Ever since I lost my love last year, eating has become a serious issue. I have to really kick myself in order to be motivated to prepare a meal. I used to weigh 15 stone (95.25 Kg), now I am about 12½ stones (79.3Kg). I have tried to explain to people that the weight loss is me working to a target and although some of this weight loss is good, on reflection, it is really easy to see how one can just, and without conscious thought taking place, not bother eating for days at a time. Maybe that is worthy of another thought at another time.
Knowing that other people are coming to eat is a good way of motivating me to cook and eat. So, I have tried to regularly get people round, creating the absolute necessity to eat and whilst I am at it, further attempt to combat introspective feelings of isolation and loneliness.
Anyhow, a few weeks ago I had a few friends round for a ‘Stew fest’. Stew is a great meal for the winter and I had been given my grandmothers recipe from my sister. I had ‘practiced’ once before and as it turned out, although it caught on the bottom of the pan, it was not bad grub.
It got quite late and my friends H&B had to leave. J&L were staying over (two brothers and both old friends of mine), and I brought out the cheese.
Seconds later there was a ‘rat, tat, tat’ on the window. It sounded like a ‘friendly knock and so I assumed that H&B had forgotten something.
As I flung open the door, there standing in the snow was a man. Tall and thin, his voice visible in the freezing night air, he asked if I knew where there was a B&B locally. I directed him to the Railway Hotel which invariably has rooms available and also gave him directions to a small B&B around the corner. He then asked if I might spare him a cup of tea. It felt unchristian to turn him away on a cold night and so I invited him in to sit at our table, whilst I made him a cup of tea.
I will refrain from giving his actual name and instead refer to him as ‘RazorShell’.
Standing at about 6’ with straight blond hair hanging to his jaw-line Razor said that he had worked in advertising, he spoke about writing and bands he is in the process of forming. He spoke about companies he is part of.
His speech and mannerisms put him somewhere between Bill Nighy and Ronny Woods. Wearing dozens of bangles on his wrists and with his fingernails painted black, Razor is the real thing. His problem is he’s just not rich or famous.
Now back to the story, after eating cheese, drinking tea and generally being entertaining, it got to the point where I needed to get some sleep and J&L had already crashed. I made it clear to Razor that he had to leave, and he did.
Over the next couple of weeks, sporadically Razor would turn up, banging on the door and asking if he could have a cuppa. In each case, I said yes and invited him in. The third time he turned up, as I opened the door, I noticed he was wearing my green hat with a feather in the band. I asked for it back and explaining its sentimental value (last present from lost love and feather from last farming world outing with her little boy), when he handed it over, I returned it to the hat stand I received a few years ago for Christmas.
The last time I saw Razor was on Saturday 13th in the morning.

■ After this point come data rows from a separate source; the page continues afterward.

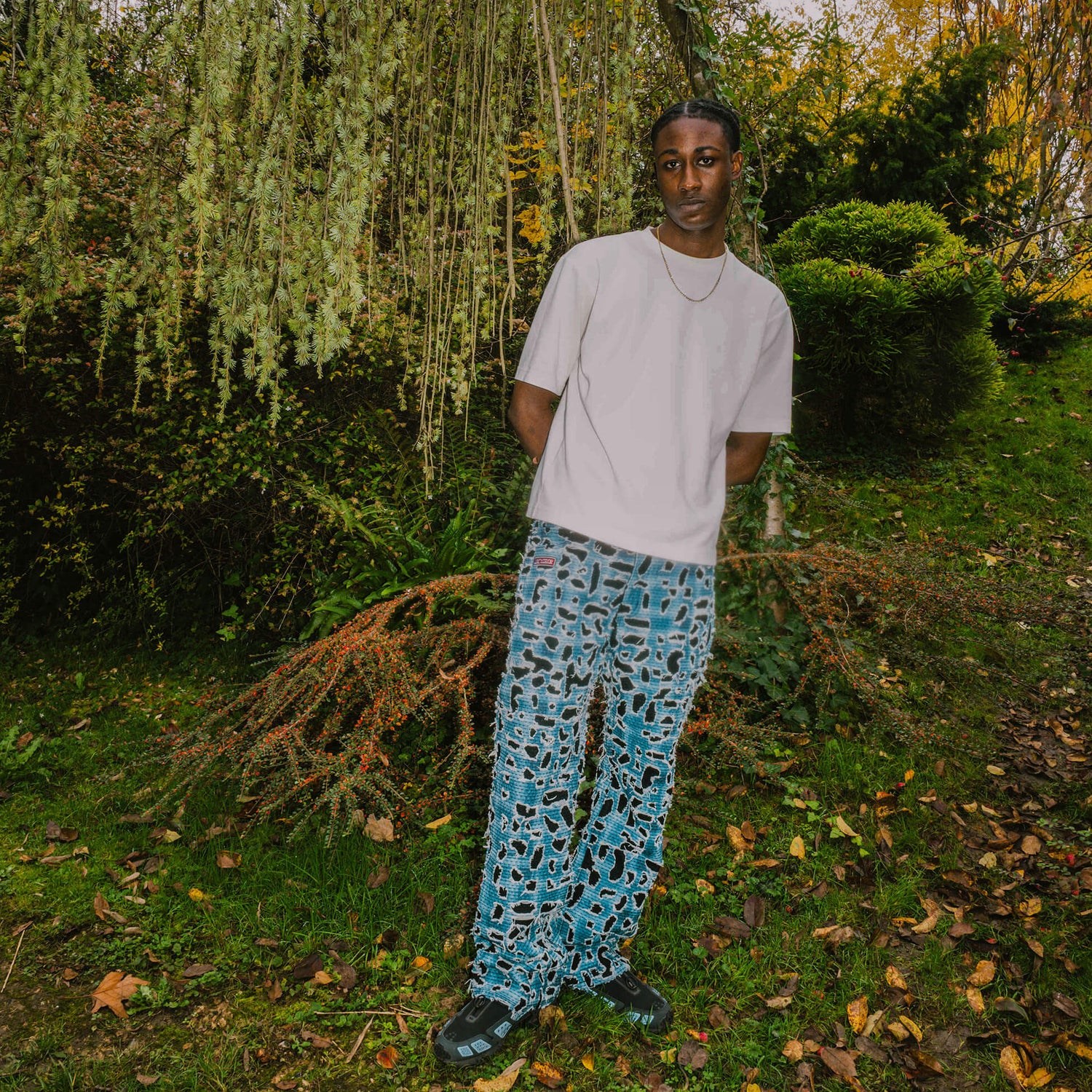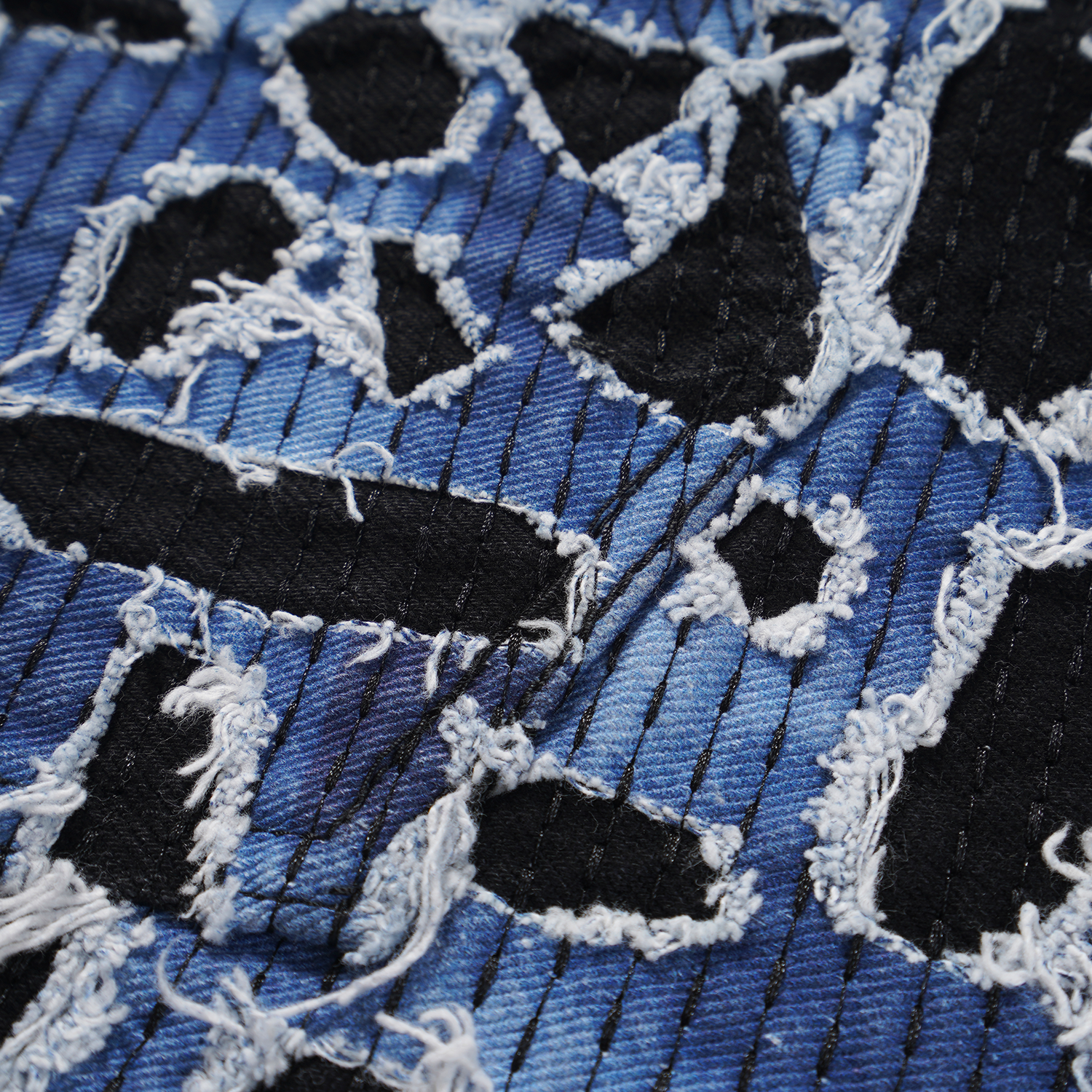Designed by Raf Reyes: these pants embodies boro, a traditional Japanese textile mending technique 🧵~ its blue-black-and-white design reflects the historical patchwork aesthetic, enhanced by sashiko stitching 🪡 over 20 hours of threadwork and distressing give it a unique story, adding life and history 🪡👖~📜.
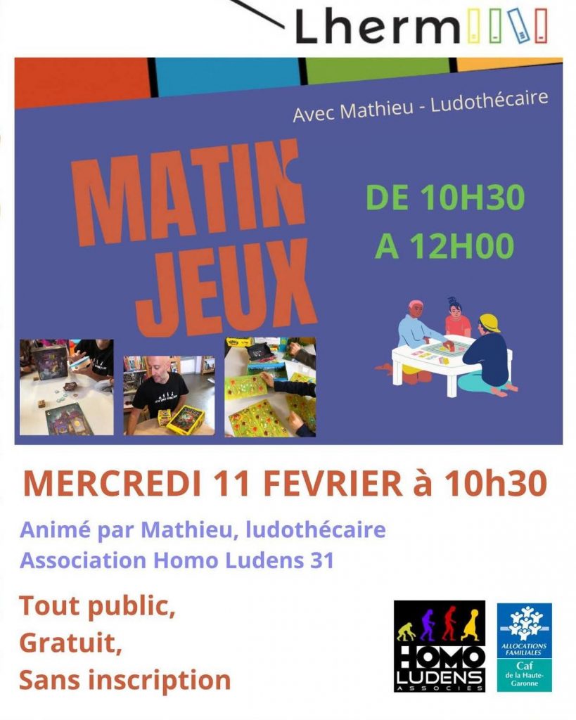 Nous sommes très heureux de pouvoir proposer une séance de jeux par mois à la médiathèque de Lherm.
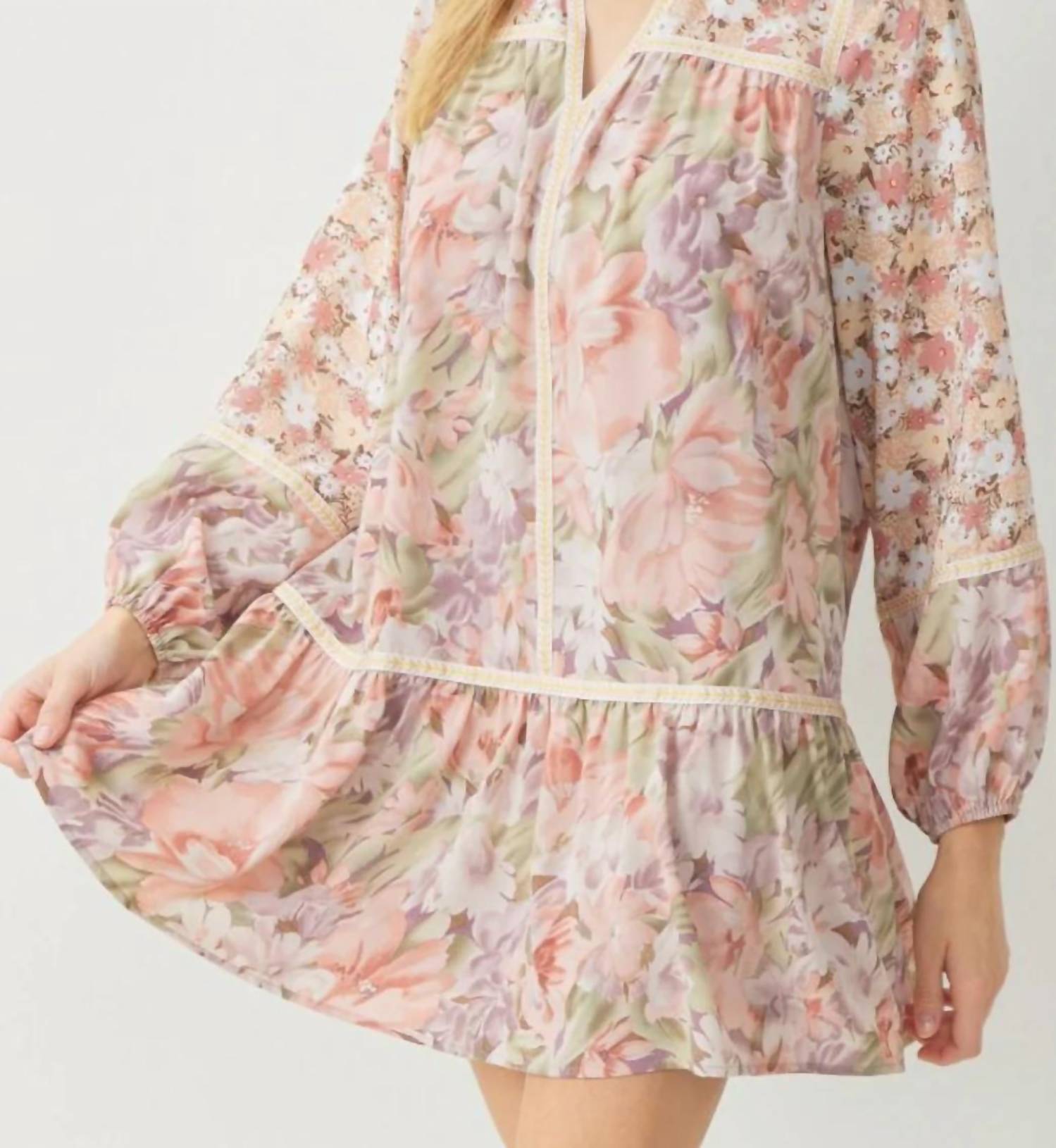 The Floral Drop Waist Dress by Entro is a delightful addition to your wardrobe, perfect for vacation getaways. It features a chic v-neckline and long sleeves, adorned with a mixed floral print and intricate trim details throughout. Crafted from 100% polyester, this lightweight woven mini dress ensures comfort and style, with a convenient pull-on closure. For best care, hand wash and line dry.
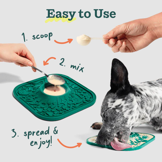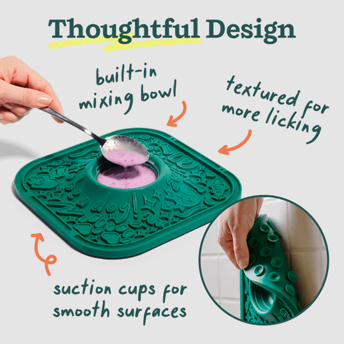 Turn treat and meal time into a calming, engaging activity with the Woof LickMat. Perfect for peanut butter, yogurt or wet food, it encourages slower eating, mental enrichment and stress relief. Durable, non-slip and easy to clean, this dog enrichment mat makes mealtime fun for dogs of all sizes.
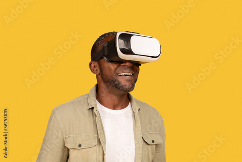 Cheerful middle aged african american man gamer in casual and vr glasses enjoy online game and virtual world
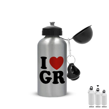 I Love GR, Metallic water jug, Silver, aluminum 500ml
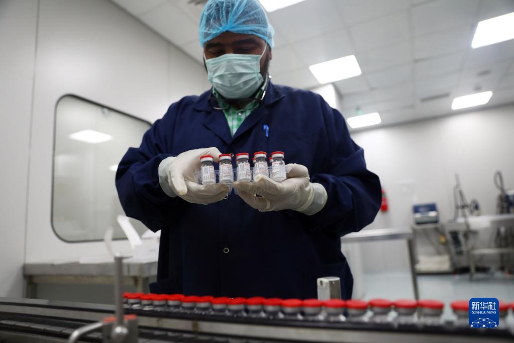 在埃及吉薩的埃及生物制品與疫苗公司疫苗生產(chǎn)廠,工作人員對(duì)貼標(biāo)的新冠疫苗進(jìn)行裝盒前準(zhǔn)備(2021年9月6日)。新華社發(fā)(艾哈邁德·戈馬攝)
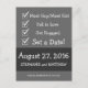 Catch the attention of all your invited guests with this funny, cute, quirky, and unconventional Save-the-Date postcard that features a checklist of important events that lead up to the big day. Text is in a playful white font on light and dark gray.
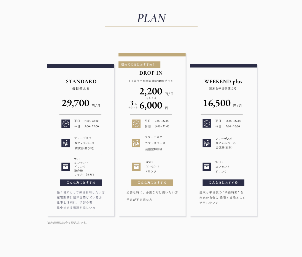 プランレイアウトを見直し、新規会員獲得の観点からユーザーが試しやすい最も安価な「DROP IN」を推奨プランとして目立つ位置に配置し、視認性の高い表形式で表示しました。
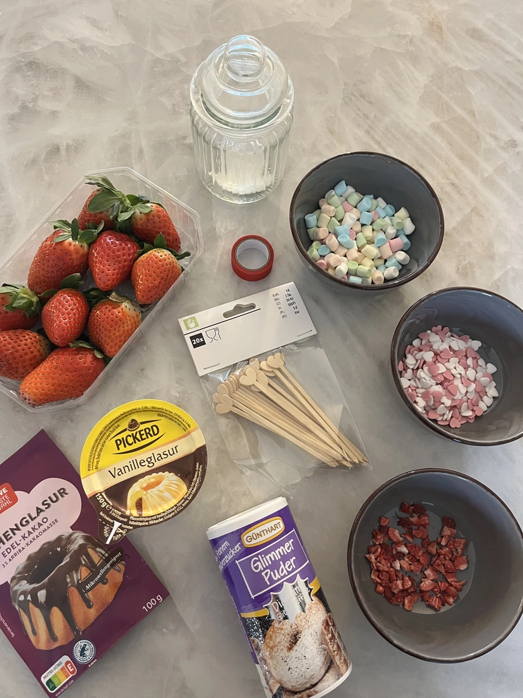 Nun kann die Glasur, egal ob Schoko oder Vanille, nach Anleitung geschmolzen werden. Dies klappt sowohl in der Mikrowelle, als auch im Wasserbad sehr gut. Die Erdbeer-Spieße in die flüssige Glasur tunken und sofort die Deko drauf streuseln.
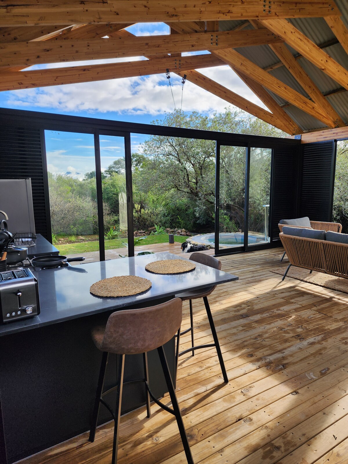 We are proud to present the cabin-living experience at its absolute finest. - A fusion of luxury, comfort, and exquisite fynbos surroundings. The Solace Cabin is nestled in an indigenous landscape on a 200 hectare farm in Rawsonville, surrounded by the Matroosberg Mountain Range.
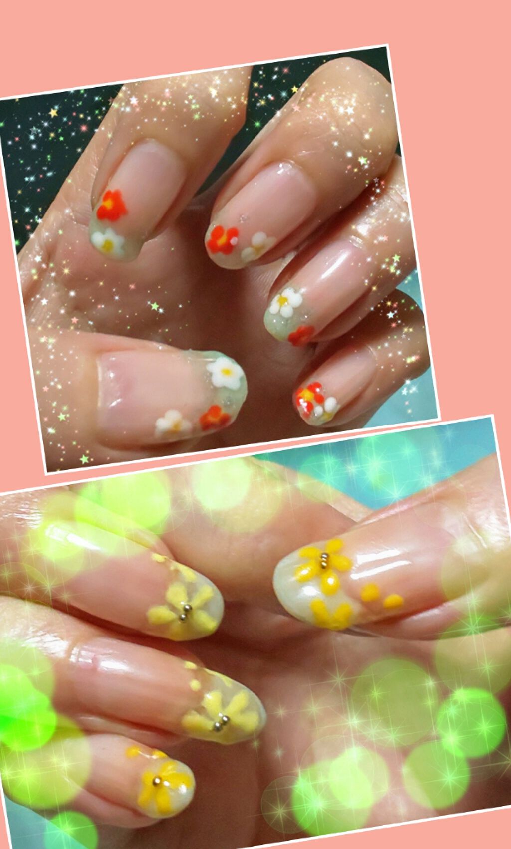セリアジェルネイルヌードベージュネオンピンクブラウンホワイトマットトップ細い筆でとけたチョコレートを書く(見本があればそれをみながら)紗々風はブラウンを細い筆で1回引いて硬化プクッてさせたい場合は何回か繰り返し次にホワイトを同じようにやる親指...
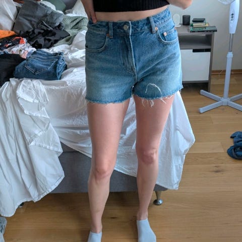 Topshop high waist mom jeans shorts. Str. L/40. Veldig behagelig materiale. Aldri brukt
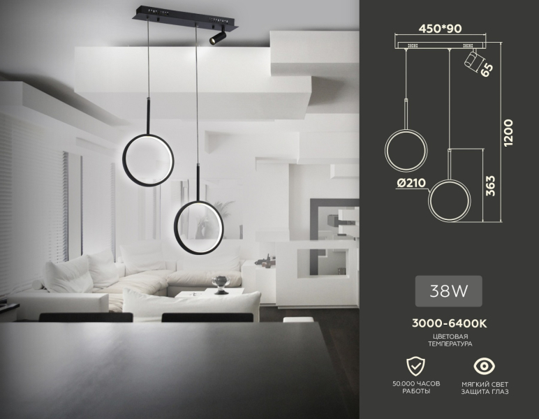 Изделие FL5274 от российского бренда Ambrella light относится к коллекции Comfort Line и отлично подойдет для установки на потолок в гостиной, оформленной в стиле хай-тек. Подвесной светодиодный светильник Ambrella light Comfort Line FL5274 с круглыми плафонами осветит помещение площадью 10 кв.м. холодным светом. Осветительный элемент встроен в конструкцию и не требует приобретения дополнительных лампочек. Основным материалом для производства используется металл и может использоваться для натяжного потолка. В комплект поставки входит пульт дистанционного управления. Преимущественно представляется в цвете Черный.
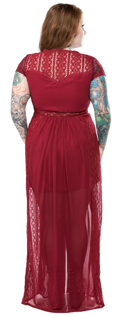 SKU: restyle-7157301346463 Categories: Apparel, Dresses, Sale, Shop Sour+Plus, What's New Tags: Burgundy, Dark, Dress, Long dress, Maxi, Red, Restyle, Sheer
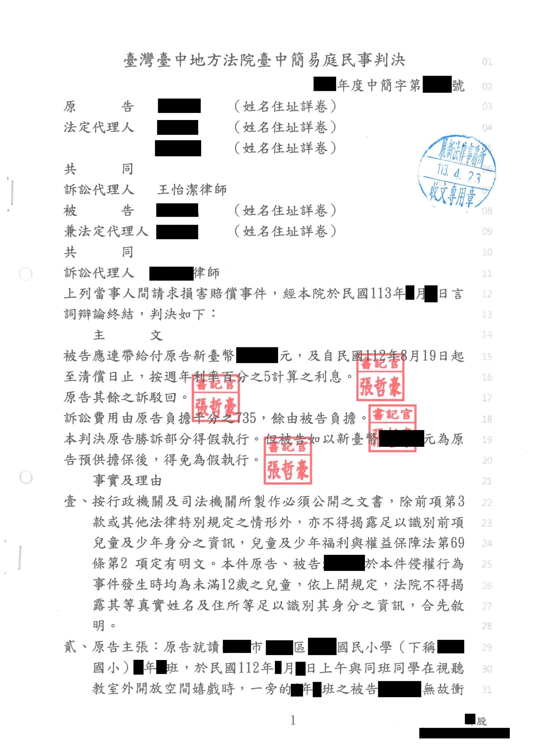 當事人之父母來本所委託案件,其等表示小孩在校與同學玩耍時,無故遭學長蓄意衝撞並按壓其頭部撞擊地面,導致其頭部受傷及眼鏡損壞,身心受創,當事人之父母與對方家長多次協商,但對方家長認為此僅為小孩間之嬉戲,兒子並非蓄意衝撞且當事人提出之精神慰撫金過高。本所協助當事人父母提起民事告訴並向法院提出監視器錄影畫面證明該名學長確實蓄意衝撞當事人,最終法院認定學長與其父母不僅須實支實付當事人的醫藥費用、眼鏡修繕費用,亦須給付精神慰撫金。
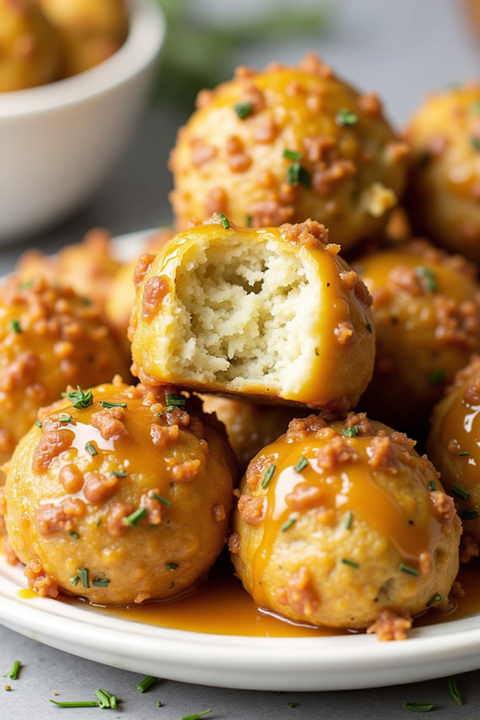 - Bake for 25–28 minutes, or until balls are golden brown and crisp on the outside. Serve warm with gravy or favorite dipping sauce.
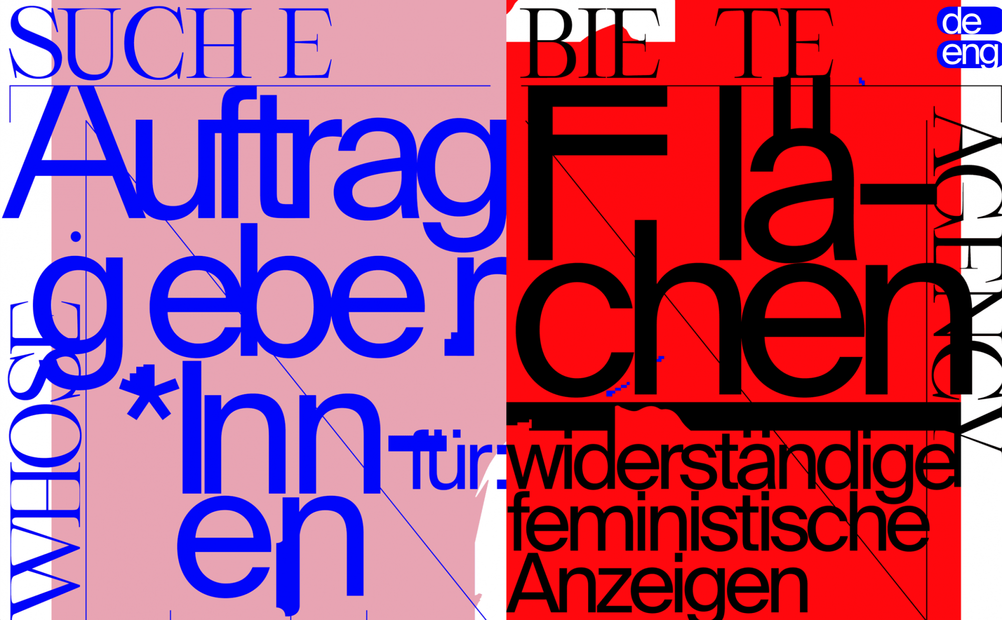 For WHOSE.AGENCY’s open call, Kaiser invited networks, political groups, musicians, cultural producers, and artists from the local and international feminist milieu to author a classified ad with free design and placement. Those who wanted to participate could choose from two ad categories: WANTED and OFFER, and could select their own message — whether it was to demand a salary for reproduction work, a personal ad, a political group statement, or a call for donations.
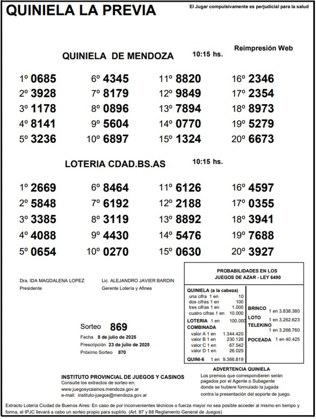 Resultados Quiniela de Mendoza: La Previa del 8 de julio de 2025

He came round and I again offered him a tea and chat. He was just as entertaining as ever and as he was about to leave, he asked if I could lend him my guitar. I asked him how long he needed it for and he said he would have it back an hour later; he just wanted to do some busking. I agreed.
Flamboyantly Razor said his goodbye’s and left. About two hours later, I looked toward the door recognizing that my guitar had not been returned. My trust had been broken.
Then I noticed something else.
My green hat with the eagle feather in it's band was missing.
By some slight of hand, Razor had stolen it, standing in full view of me as I showed him out of my front door, this dude had stolen my hat!
He has not returned since and I fear I will never see my hat again.